We'd known each other a week and had two dates. She was twenty-four, single, fun, and she lived alone and liked it. On both our dates I had suggested, at what I thought the psychological moment -- which proves I am a detective, and not a psychologist -- that we go to my Hollywood apartment and watch radio, or do something creative like making spaghetti, I had wound up taking her home, failing even to see the inside of her apartment, and going to bed hungry. Paula was delightful, nonetheless.

I said, "What does your apartment look like?"

"All reds and greens and bright things thrown about."

It sounded like a good setting for her, because she was dark. Tall, long-limbed, languorous, with black hair and long black lashes, exceptionally high cheekbones, and deep dark eyes with moonlight in them. Her conversation was peppy enough, not quite what you'd expect from the soft, low voice. And she was deliberate in her speech, in her movements. Everything about her was soft and dark. "Let's get out of here," she said.

A phone rang. It was one of two against the far wall, and Paula turned and walked to it slowly, deliberately. She lifted the phone and listened a moment, then put one hand over the mouthpiece. "Somebody named Hazel," she told me. "Says you're to call a George Stone at the Melody Club. Want to talk to her?"

"Yeah." Hazel is the gal at the switchboard in the Hamilton Building, where I have my office. She was working late. As I walked to Paula and took the phone, all three men at the long table stopped their conversation and looked at me. Hazel told me that a man had called my office and given his name as George Stone. He wanted to talk to me and said it was important. Hazel had told him I'd call him back and he'd given her the number of a phone booth at the Melody Club.

Hazel went on, "I guess he thought you were still in your office and I was your secretary, because he certainly was insistent about talking to you right that minute. I didn't tell him where you were."

"George Stone, huh? Never heard of him. He say what it was about?"

"No. Said you'd want to talk to him, though."

I thanked Hazel, hung up and put a call through to the Melody Club. After the first ring of the phone, I heard the receiver at the other end of the line go up and a gruff voice said, "Yeah?" "This is Shell Scott."

"About time. This is Stone. George Stone. You know who I am?"

"No. Should I?"

"You will, brother, you will. Scott, you're investigator for that committee on lobbying, right?"

"One of them." There were actually three local investigators doing work for the committee. A bright young kid named Joe Rule worked with me part of the time. Stone coughed into the phone. His voice had sounded a little slurred, as if he'd had a couple drinks too many. "What about it?" I asked.

"I'm the boy that can give you everything you want, brother. The works. A to Z."

"I hear the words. I've heard them before."

"Not like this. I've put in seven years work for the biggest crook in the state of California. I can hang him. But I got to get home free. You follow me?"

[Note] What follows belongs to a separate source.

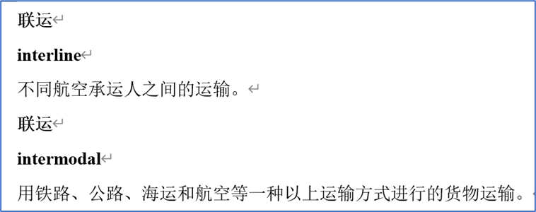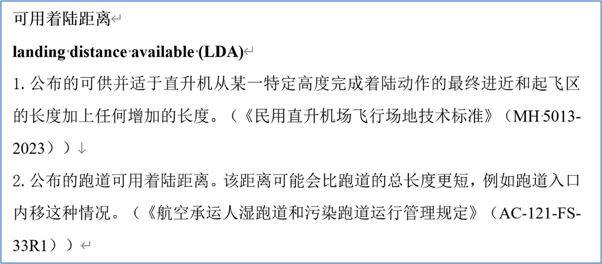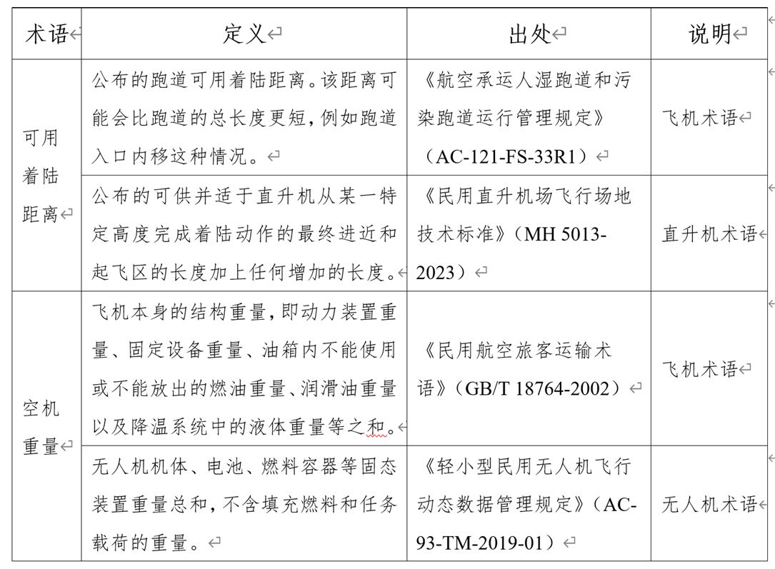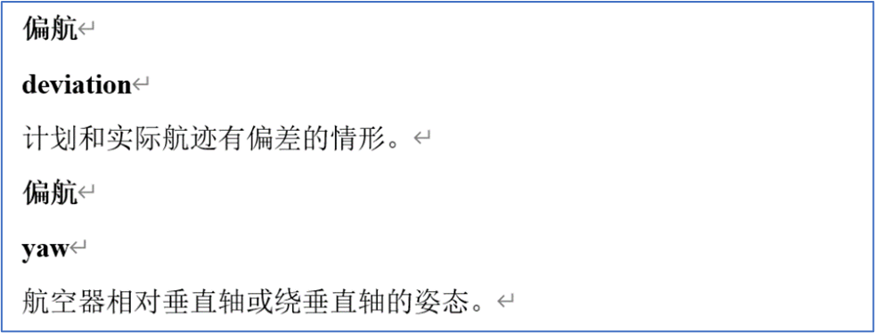 为适应中国民航工作需要,并在参考《航空科学技术名词》词条呈现形式基础上,课题组确定尽可能完整呈现中文术语、英文术语、英文缩略语和定义。课题组大量参照了国际民航组织、欧盟、美国、加拿大、澳大利亚等国际组织/地区/国家的航空立法文件,以及国内外各类航空术语词典,对词条的英文术语进行了补全,采用了“中文术语+英文术语+中文定义”的呈现方式,样式如下:

I followed him well enough. He sounded to me like another crackpot, but if he did have anything to spill, this was the old story of a man wanting to get out from under; wrap up somebody else tight enough that he'd escape prosecution himself. I said, "Immunity, huh?"

"That's it. Hundred per cent."

"That doesn't sound likely -- but it isn't up to me."

"You can help, though. And you're the only one I'll talk to. You comin' out to the Melody Club?"

"I'll be there. How'll I find you?"

"I'll find you. And, Scott. This is gonna knock your ears off. This will make the news wires from here to New York. No detours -- come straight here. Don't talk to nobody about it. Right?"

"Okay."

"And make it quick. There's some people don't like me, and ain't gonna like me any better now."

He hung up.

I could believe the last part of what he'd said. He hadn't sounded lovable. Chairman Beasley said; "What was that all about, Mr. Scott?"

"Another guy with all the answers for us. If he's on the level, he sounds long overdue for the clink. Just in case he does have something, can we do him any good?"

Beasley said, "If he's a criminal, you know we can't allow him to avoid prosecution." He paused. "We, ah, might be able to help him a little, of course. Depends on what he knows, how much help he is, how deeply he's involved. What did he have to say on the phone?"

"Nothing specific. I'm going out to see him now. If he wasn't kidding, he could be the man we've been looking for."

Senator Carter spoke for the first time since I'd come in this evening. "Perhaps we should wait here until Mr. Scott can report on what he learns. This might be important." With that voice, it sounded as if he were singing "Old Black Joe."

Beasley shrugged, but Sebastian Wise got to his feet. "You can call me at home if anything important comes up. I'm rather tired." He looked at me and grinned. "But I shall continue to hope he's not one of those we've been tuning in on." He went out.

After a little more conversation I was ready to leave. Paula stopped by me a moment at the door. "I'll wait till you come back -- if you hurry."

I told her I'd be back in no time, and she gave me a smile that would last me at least an hour. Then I left.

The Melody Club was out on Olympic, a small spot with low-key lighting and high prices. I turned my Cadillac over to the parking attendant and went in. Just inside the door was a big poster which declared that Paul Dutton's band was being held over for another month, and that the highlight of the three floor shows was something called Satan and Satin. I got a brief glimpse of a color photograph, something red and white. It looked like a guy in devil costume and a babe in very little.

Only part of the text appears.